Iustin Pop authored 14 years ago


Since the RAPI certificate is not necessarily self-signed, and we
currently don't have any configuration variable for the real CA file, we
disable for now the CA checks. This fixes the 'restart RAPI every 5
minutes' problem with non-self-signed certs.

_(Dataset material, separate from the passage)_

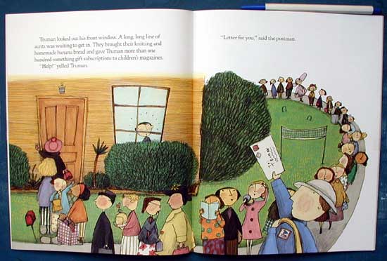 Truman's quirky Aunt Fran sends him a birthday present he always wanted-an ant farm. But instead of ants he gets aunts! They all fuss over Truman. Truman makes sure they eat well and get plenty of fresh air. Finally, he runs out of room, and finds new homes for all of the aunts. And then another package arrives for Truman-his very own, lovable Aunt Fran. The illustrations are as whimsical as the story.

Signed-off-by: Iustin Pop <iustin@google.com>
Reviewed-by: Michael Hanselmann <hansmi@google.com>

34f06005

Aug 18, 2010

Support for resolving hostnames to IPv6 addresses · b705c7a6

Manuel Franceschini authored 14 years ago


This patch enables IPv6 name resolution by using socket.getaddrinfo
instead of socket.gethostbyname_ex.

It renames the HostInfo class to Hostname and unifies its use throughout
the code. This is achieved by using static calls where no object is
needed and removes some obsolete code.

For now, we just resolve to IPv4 addresses, but this will change once it
is needed.

Signed-off-by: Manuel Franceschini <livewire@google.com>
Reviewed-by: Iustin Pop <iustin@google.com>

b705c7a6

Jul 26, 2010

watcher: smarter handling of instance records · f5116c87

Iustin Pop authored 14 years ago

This patch implements a few changes to the instance handling. First, old
instances which no longer exist on the cluster are removed from the
state file, to keep things clean.

Second, the instance restart counters are reset every 8 hours, since
some error cases might be transient (e.g. networking issues, or machine
temporarily down), and if the problem takes more than 5 restarts but is
not permanent, watcher will not restart the instance. The value of 8
hours is, I think, both conservative (as not to hammer the cluster too
often with restarts) and fast enough to clear semi-transient problems.

And last, if an instance is not restarted due to exhausted retries, this
should be warned, otherwise it's hard to understand why watcher doesn't
want to restart an ERROR_down instance.

Signed-off-by: Iustin Pop <iustin@google.com>
Reviewed-by: René Nussbaumer <rn@google.com>

f5116c87

Jul 09, 2010

Introduce lib/netutils.py · a744b676

Manuel Franceschini authored 14 years ago


This patch moves network utility functions to a dedicated module.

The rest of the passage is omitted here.